Ethical Trading in practice – from worker to wearer
From worker to Wearer: No Sweatshop, No Photoshop
Emma Watson, Stella McCartney and will.I.Am have been walking the green carpet, shining a spotlight on highly fashionable and ethically conscious clothing. This exposure has rippled throughout social media, combatting notions that sustainable clothes are unimaginative and full of ‘vanilla-flavoured minimalism’, whilst showcasing the importance of transparency and traceability within the fashion industry. Finally prompting the question: is ethical fashion finally desirable and commercially attainable?
The world is becoming more ethically aware but organisations don’t always practice what they preach and not all companies understand what it means to trade ethically.
Ethical trading is not just about avoiding child labour. It ultimately represents an approach to the design, sourcing and the manufacture of garments and accessories which maximises benefits to the workers and their communities, while minimising the impact on the environment. Most retailers and fashion brands do not know the actual people who make their clothing, but this is not the case for the fashion company Birdsong London.
Birdsong London was founded in 2014 and is an honest representation of ethical trading and sustainable fashion. With a fresh and innovative take on current fashion trends, each garment is sustainably sourced and handcrafted by women local to London.
With the fashion industry often re-touching modelling shots and the exploitation of some garment workers worldwide, an ethical fashion brand supporting both the worker and the wearer was born. From hiring migrant seamstresses to knitting grannies, Birdsong connects women through fashion.

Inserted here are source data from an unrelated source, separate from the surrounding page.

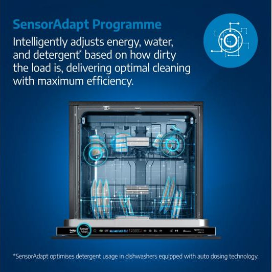 SensorAdapt takes our Auto programme to the next level. It cleverly adjusts energy, water, and detergent usage based on how dirty your load is, now analysing it on 4 different levels. This ensures precise cleaning while saving time, energy, water, and detergent for optimal results. 1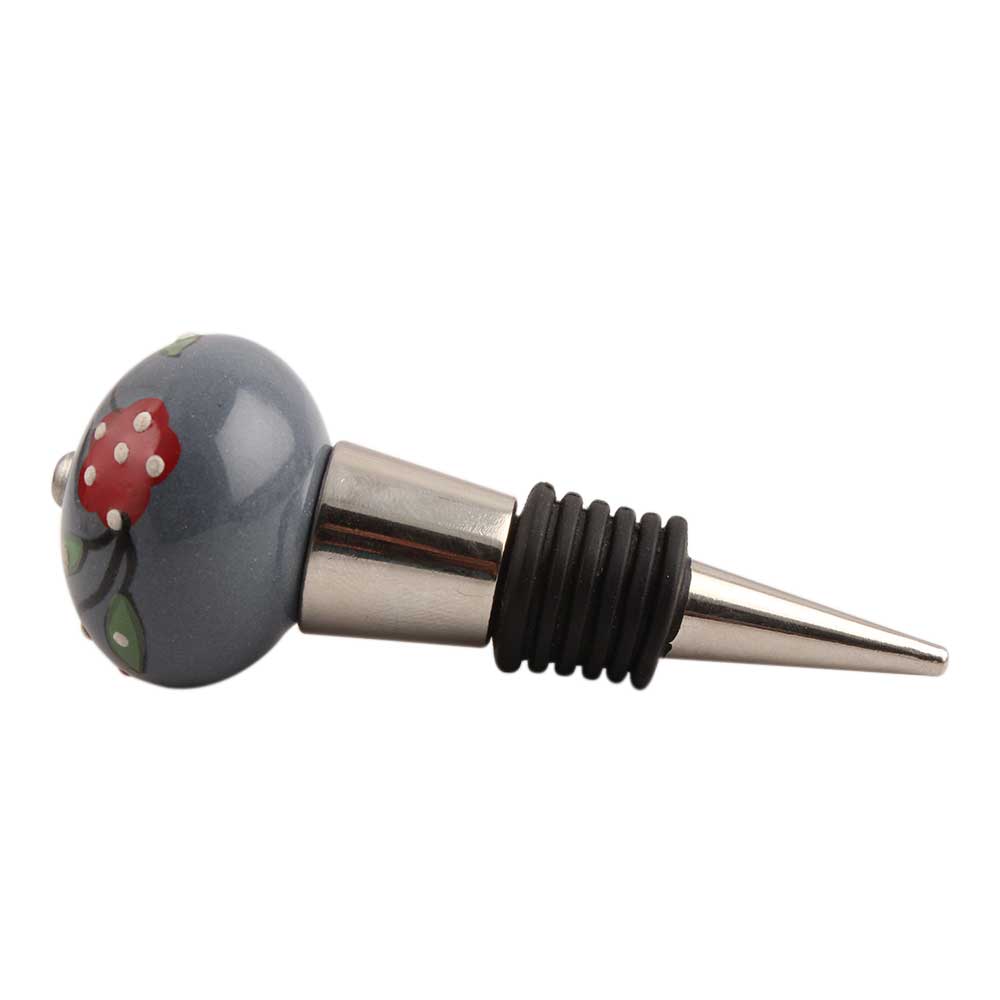 Pea Green Leaf Flower Ceramic Wine Stopper.zinc alloy wine bottle stopper with attractive Jute Bag Packaging.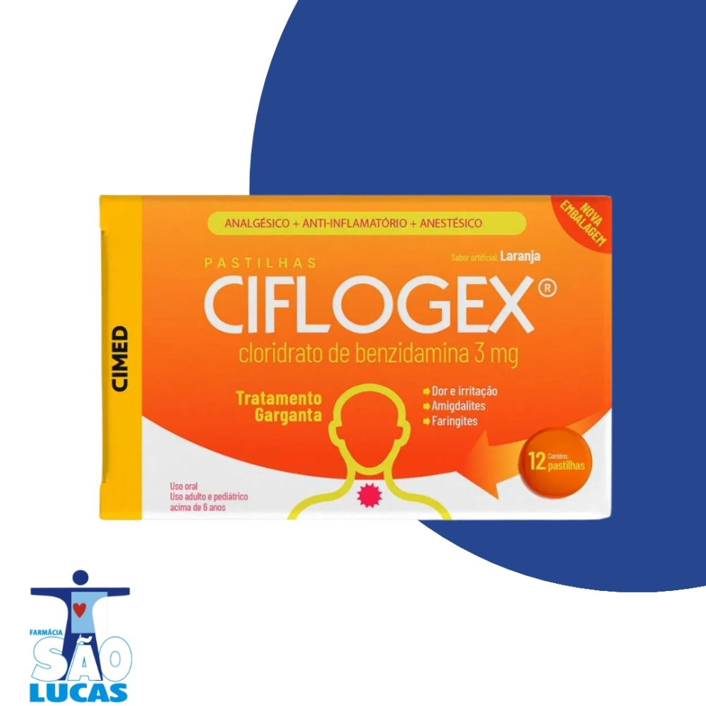As Pastilhas para Garganta Ciflogex Mel e Limão são indicadas para o alívio de processos inflamatórios e dolorosos na boca e garganta, como aftas, dor de dente, inflamação da garganta e sintomas de gripes e resfriados. Com ação anti-inflamatória, analgésica e anestésica, proporcionam conforto rápido e eficaz, sendo ideais para adultos e crianças acima de 6 anos que buscam um cuidado prático e saboroso. Recomenda-se dissolver uma pastilha na boca duas ou mais vezes ao dia, sem ultrapassar 10 pastilhas diárias, evitando partir ou mastigar. É importante seguir a orientação médica e ler a bula antes do uso. O produto não é indicado para menores de 6 anos, diabéticos, pessoas alérgicas ao cloridrato de benzidamina ou aos componentes da fórmula, e gestantes sem orientação médica. Contém corante amarelo de tartrazina, que pode causar reações alérgicas em pessoas sensíveis. Cada pastilha contém 3 mg de cloridrato de benzidamina, com excipientes que conferem sabor artificial de mel e limão, além de sacarose, glicose e corante amarelo de tartrazina. Apresenta-se em forma de pastilha para uso oral, com embalagem contendo 12 unidades. O produto é vendido sob prescrição médica, indicado para tratamento analgésico e anti-inflamatório da garganta, garantindo alívio eficaz e seguro para quem sofre com desconfortos bucais e faríngeos.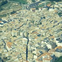 En 1035, Ramiro I instala, en Jaca, la capitalidad del pequeño reino de Aragón. Poco años después, en 1042, el obispado se fijó allí. Hasta finales del siglo XI, se lleva a cabo la repoblación de Jaca en barrios. En 1077, el rey Sancho Ramirez otorga su fuero a la villa de Jaca convirtiéndola en ciudad. La ciudad se desarrolla hasta el año 1096, fecha en la cual Huesca llega a ser la nueva capital del reino de Aragón. A pesar de la atención particular del rey por Jaca, la densidad de población nunca será muy elevada a lo largo de su historia. Al final del siglo XI, la ciudad de Jaca tenía dos burgos : el "burgo San Nicolás" y el "burgo Novo". Al construir la muralla de la ciudad, el burgo San Nicolás permaneció casi todo al interior del cerco, mientras que el burgo novo quedó fuera de los muros. Su situación y su historia lo relacionan con el recorrido procedente de Francia, y por consiguiente con la peregrinación de Santiago. En el siglo XII, el Hospital de Santa Cristina de Somport tenía muchos bienes en Jaca, de los cuales un palacio en el Burgo nuevo. La cofradía de Santa Cristina se reunía cerca de la Iglesia de Santiago. La ciudad de Jaca fue incendiada varias veces durante los siglos XI y XII. Cuando se edificará la Ciudadela, en 1596, el burgo nuevo con sus veinte casas y su iglesia, será totalmente destruído. Actualmente, en la ciudad se notan tres unidades : la ciudad medieval, tiene un contorno claramente determinado por las murallas, ya que permaneció encerrada por un importante conjunto amurallado hasta 1917, fecha en la que la muralla fue derribada; la ciudadela, fortaleza militar construida al final del siglo XVI; los barrios nuevos edificados a principios del siglo XX, según los proyectos de Lamolla.

It is estimated that over 60 million women worldwide aged 18-35 work within the retail industry earning less than minimum wage. Unlike traditional retailers, Birdsong is a feminist retailer, working solely with local women’s groups and charities to produce their clothing.
“We pair their expertise with our designs, creating wearable pieces with a mind to the future,” said one of the founders.
The workers are all paid a London living wage, have access to a range of holistic support services and between 30 and 50 per cent of the sale profit goes back into these groups and their chosen charities.
“Fashion is our worst enemy but also our best mate. Lots of women workers are exploited for the sake of covering our bums in fabric – beautiful, inspiring fabric but still, not cool when you think about it,” expressed another one of the founders.
Birdsong wants to revolutionise the way people dress and the company works under the promise of “no sweatshop, no photoshop”. Modelled by women, their organic sweatshirts and t-shirts are hand-painted by a group of low income migrant mothers based in Tower Hamlets, London. The women spend the day fine painting for Birdsong while their children attend school.
Birdsong’s knitwear collection is made by the skilled hands at the Bradbury Centre in Kingston and the Knit & Natter group in Enfield. Both groups donate revenue from their knitting to worthy causes. And finally, the company works with skilled seamstresses to hand-cut, sew and finish the garments at their workshop on Brick Lane, London.
Not only does Birdsong directly provide women with employment, they are a pro-active and forward-thinking company that lives and breathes ethical sourcing. With the boost from grants and the experience of the ‘Year Here’ programme for social entrepreneurs, the company has channelled thousands of pounds into women’s organisations in London, from funding retirement home improvements in Enfield or contributing to sewing classes in Bow.
In light of the fantastic and progressive work that Birdsong London is doing, are the days of fast-fashion numbered, and are there enough people and organisations that think ethically and are prepared to vote with their wallets?